Placental site trophoblastic tumor (PSTT) is the rarest subtype of gestational trophoblastic neoplasm. We present a case of PSTT complicating nephrotic syndrome. A 32-year-old woman experienced irregular menstrual bleeding and lower extremity edema 18 months after delivery. She was diagnosed with nephrotic syndrome and exaggerated placental site based on the hysteroscopic biopsy results. During follow-up, transvaginal color Doppler ultrasound showed an enlarged uterus filled with a hypervascular mass. Positron emission tomography–computed tomography showed diffuse accumulation in the entire uterus. The patient was diagnosed with PSTT only after total hysterectomy. Postoperatively, serum β-human chorionic gonadotropin decreased to within the normal range and her nephrotic syndrome resolved. She has remained without evidence of recurrence for 15 months. It is difficult to diagnose PSTT definitively. Most patients with PSTT are of reproductive age, therefore, to maintain fecundity, therapy development is expected.

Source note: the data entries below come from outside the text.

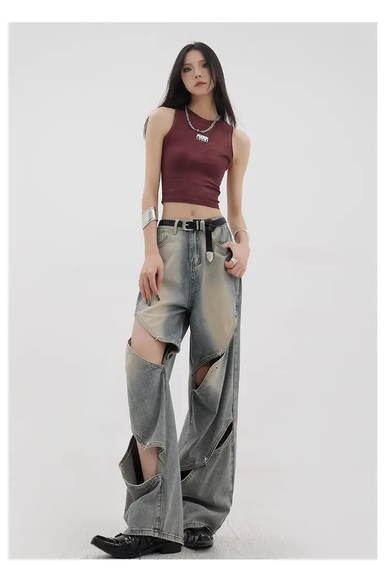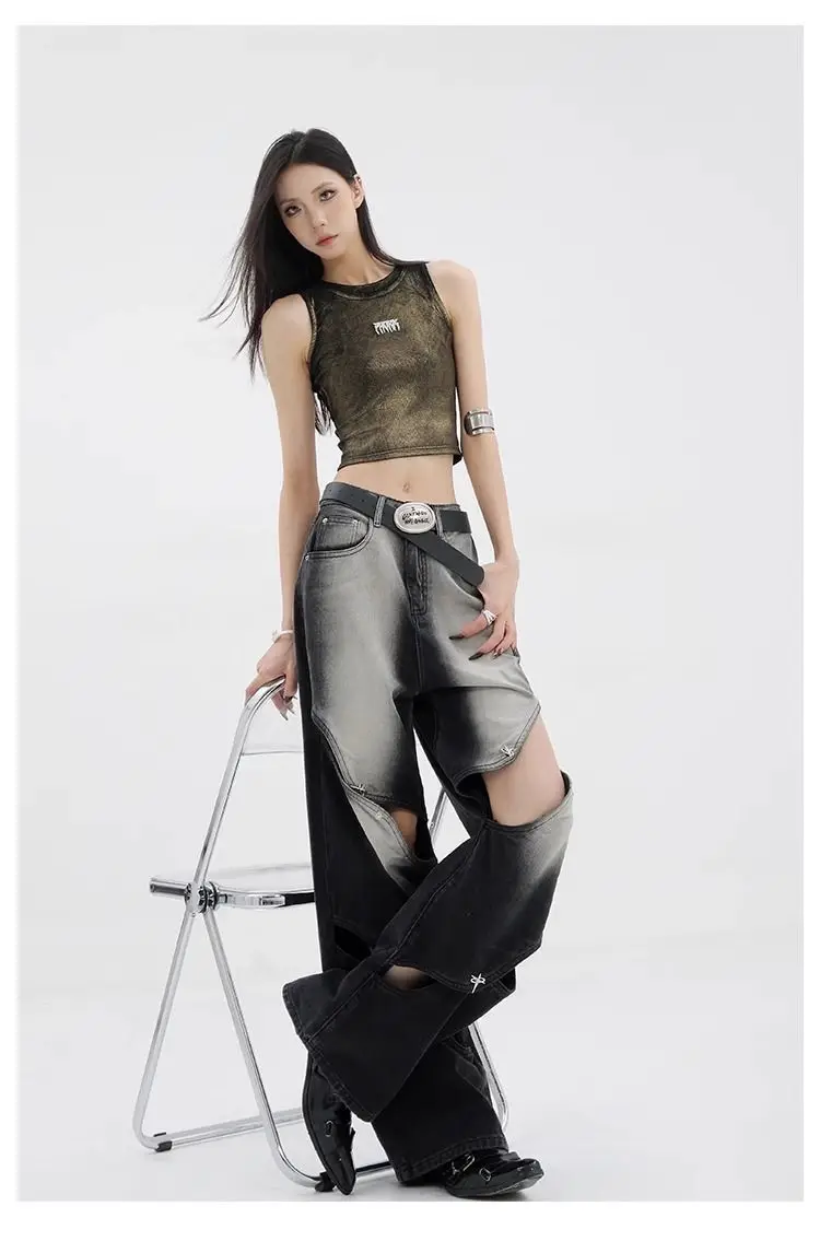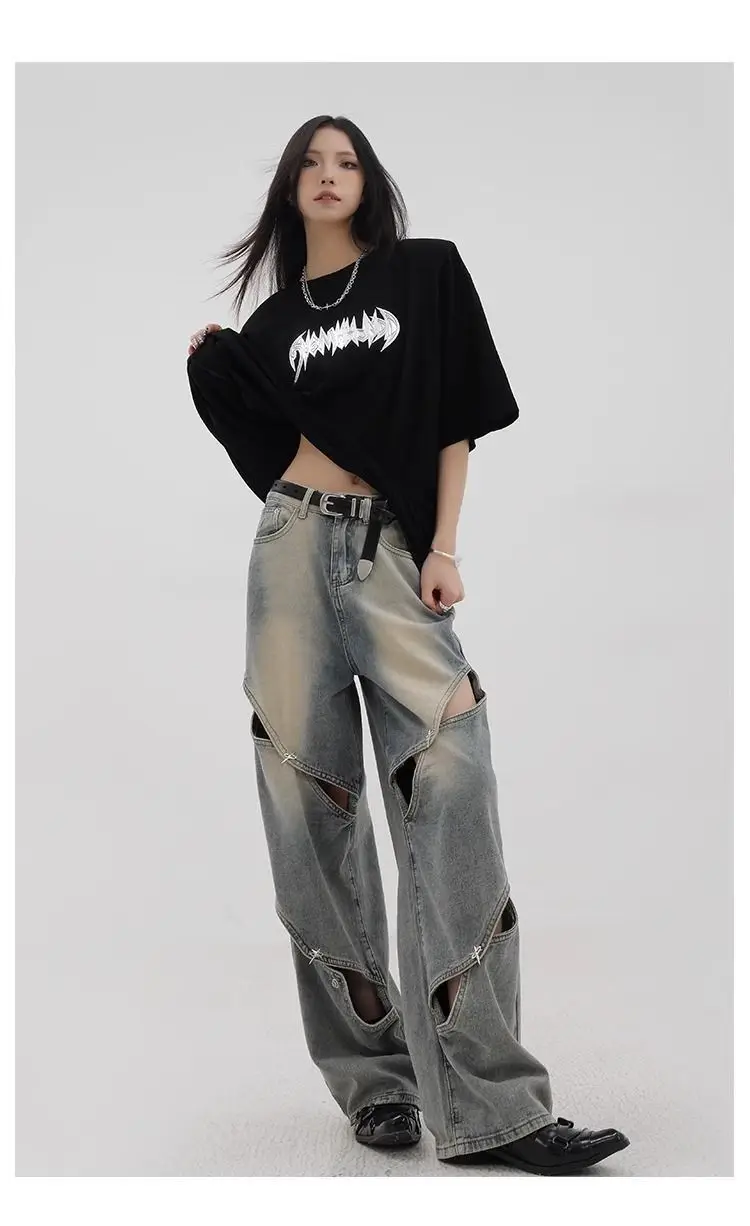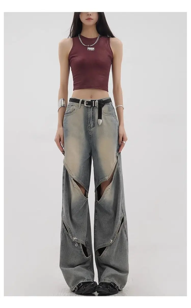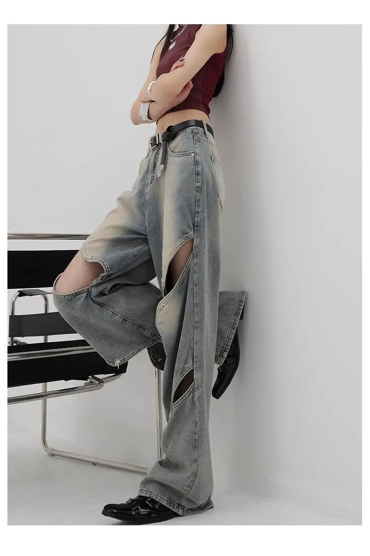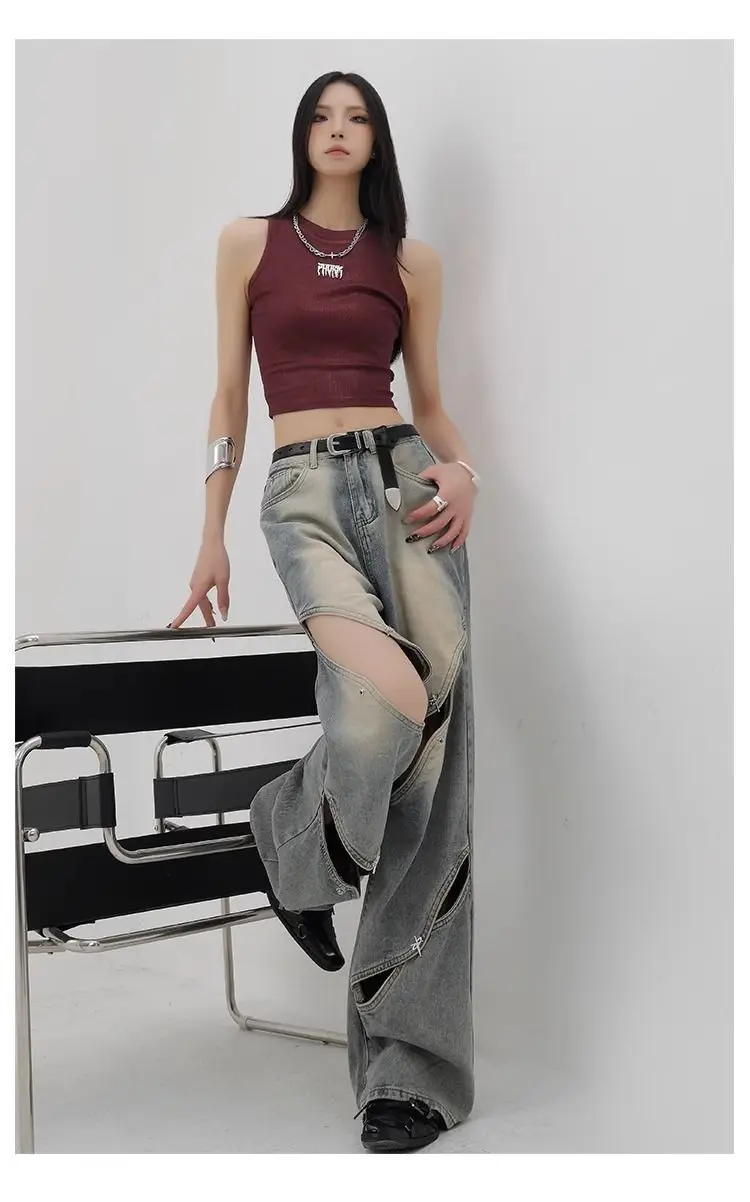 European hip-hop high street men and women trend deconstruction design straight leg jeans couple loose retro casual pants y2k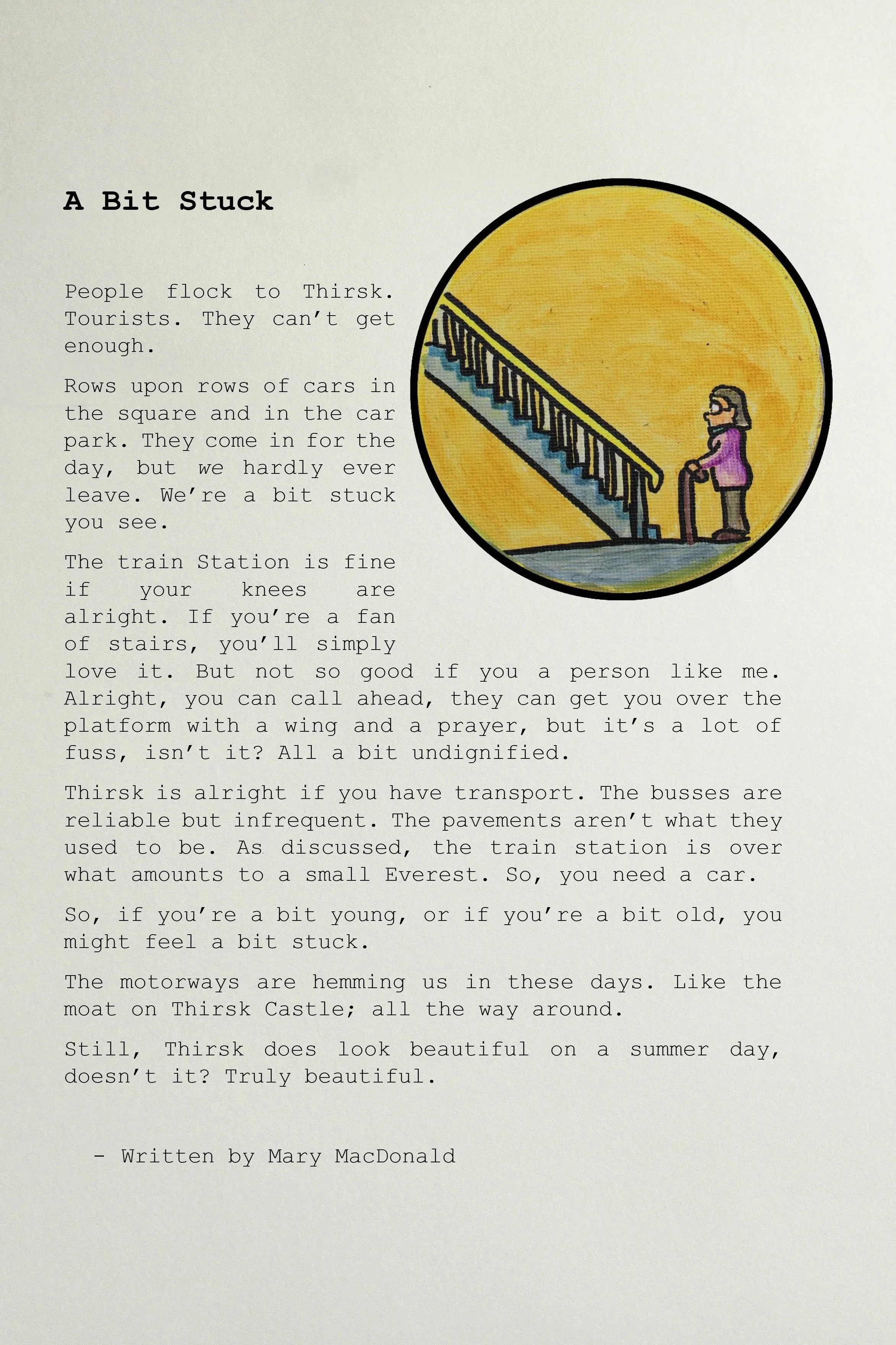 Co-created with an intergenerational group in Thirsk, this illustrated map focusses memories rather than landmarks. Each illustration, co-created with a participant, links to story, exhibited alongside the map.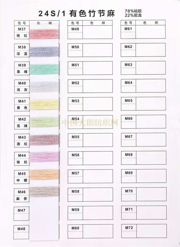 24N竹节麻 由78%粘胶 22%尼龙组成,是春夏毛织,针织首选产品,具有凉快,干爽,防辐射,防静电,防过敏,减少排汗的作用。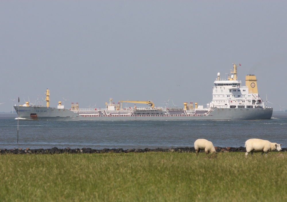 Tanker elbabwärts vor Cuxhaven-Altenbruch am 10.07.2014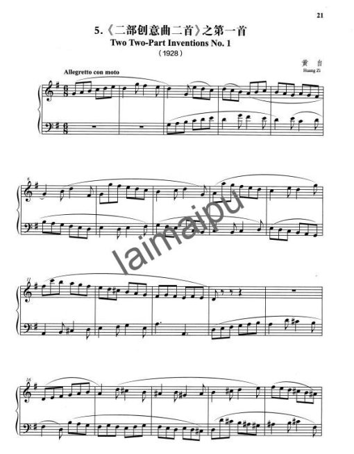 - 黄自: 《二部创意曲二首》之第一首 (1928)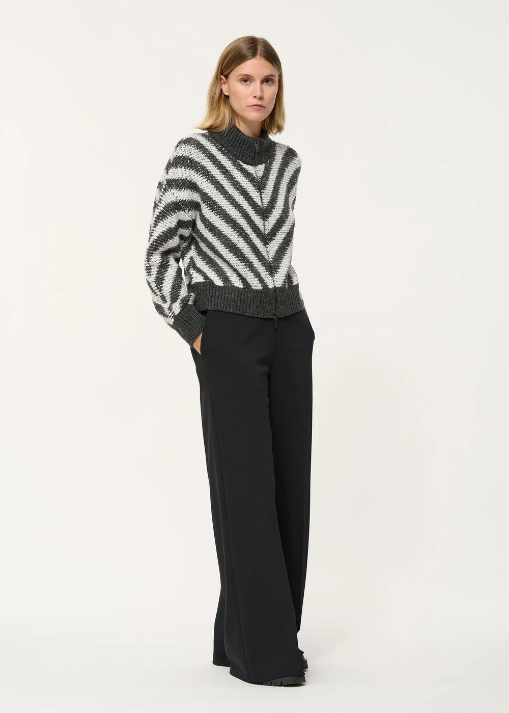 – Gilet oversize à chevrons XXL bicolores– Volume ample droit– Col montant– Manches longues, emmanchures descendues– Fermeture devant zippée– Finitions col, bas de manches et de corps en bord-côte unis Notre mannequin mesure 1m73 et porte une taille 36/S.Ce modèle se porte oversized, prenez une taille en-dessous de votre taille habituelle pour un porté plus […]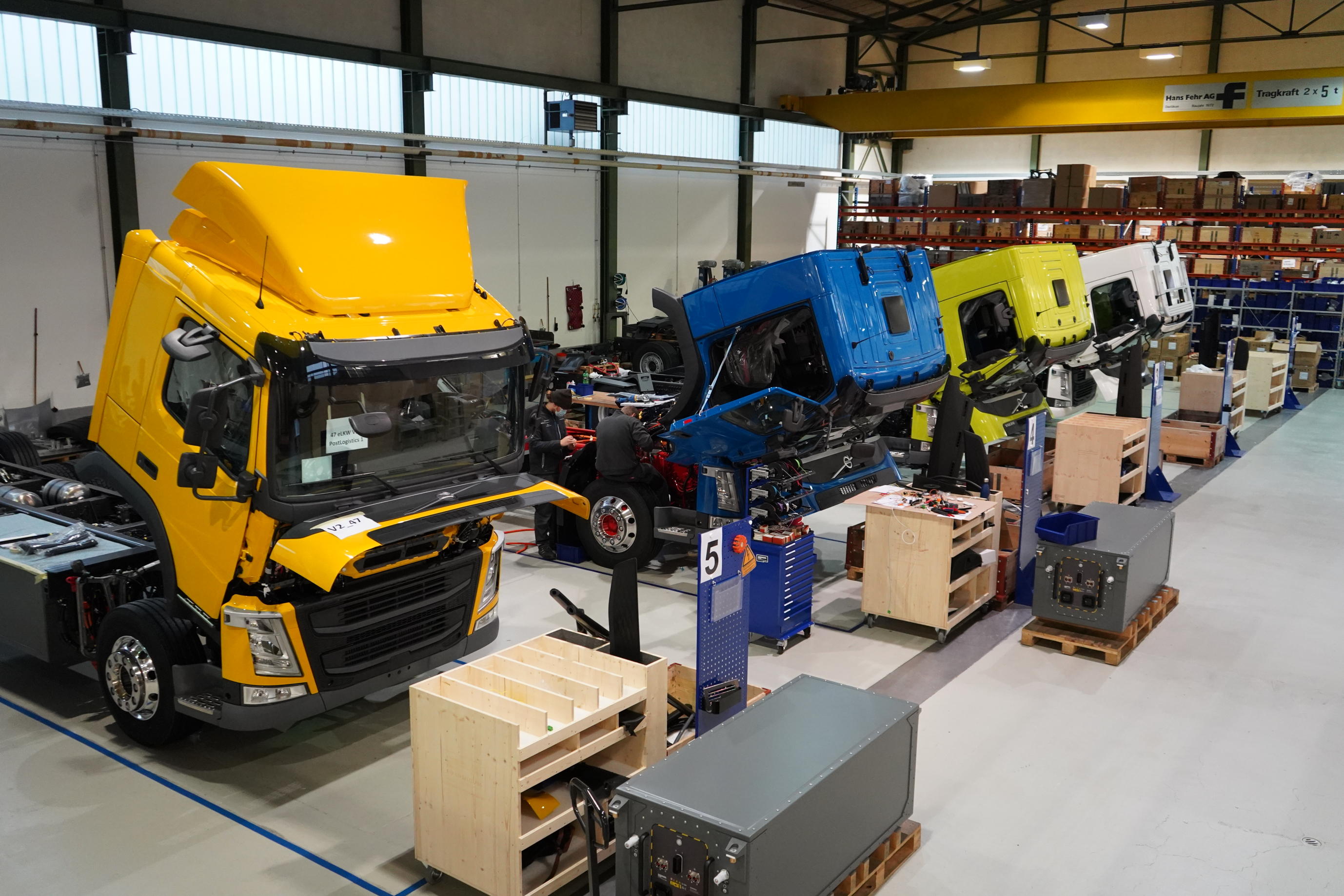 Designwerk entwickelt und fertigt seit 2008 elektrische Lastkraftwagen in Kleinserie, mobile Schnellladegeräte, batteriegepufferte Schnellladestationen im Megawattbereich sowie modulare Hochvolt-Batteriesysteme. Mit den vier unterschiedlichen Lkw-Modellen High Cab, Mid Cab, Mid Cab X und Low Cab bietet der Schweizer E-Mobilitätsspezialist für Transport- wie Entsorgungslogistiker sowie für Kommunen und Agrarbetriebe immer die passende Lösung. Die im neuen High Cab Lowliner eingesetzte Batteriekapazität von 380 Kilowattstunden wird mithilfe der hauseigenen und individuellen Batterieentwicklung und -produktion ermöglicht. Das Ladekonzept – 350 Kilowatt in weniger als 45 Minuten – passt somit auch zu den in der EU vorgeschriebenen Lenkzeiten. Der 40-Tonner hat eine Leistung von 500 Kilowatt (680 PS) und ist mit seinem 1-Gang-Getriebe schalt- und kupplungsfrei. Deutsche Unternehmen haben bereits Fördergeld für 34 High Cab Lowliner beantragt, sodass sie im vierten Quartal 2023 mehr Volumen elektrisch, nachhaltig und rentabler transportieren können.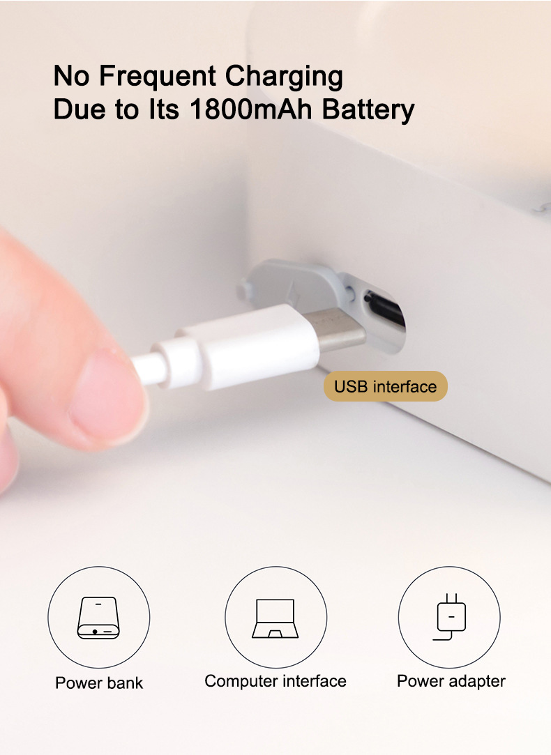 - Super Long Endurance Time: No need to charge it frequently thanks to its built-in 1800mAh battery and its USB interface. It can by charged by power banks, computer interfaces and power adapters.

机译:胎盘部位滋养细胞肿瘤(PSTT)是妊娠滋养细胞肿瘤中最罕见的亚型。我们提出一例PSTT并发肾病综合征。一名32岁妇女在分娩18个月后出现月经不规则出血和下肢浮肿。根据宫腔镜活检结果,她被诊断出患有肾病综合症,并夸大了胎盘部位。在随访期间,经阴道彩色多普勒超声检查显示子宫增大,并充满了血管过多。正电子发射断层扫描-计算机断层扫描显示整个子宫内弥漫性积聚。仅在全子宫切除后才被诊断为PSTT。术后,血清β-人绒毛膜促性腺激素下降至正常范围,其肾病综合征得以解决。她已经15个月没有复发的证据了。很难明确诊断PSTT。大多数PSTT患者处于育龄阶段,因此,为了维持生育能力,有望进行治疗。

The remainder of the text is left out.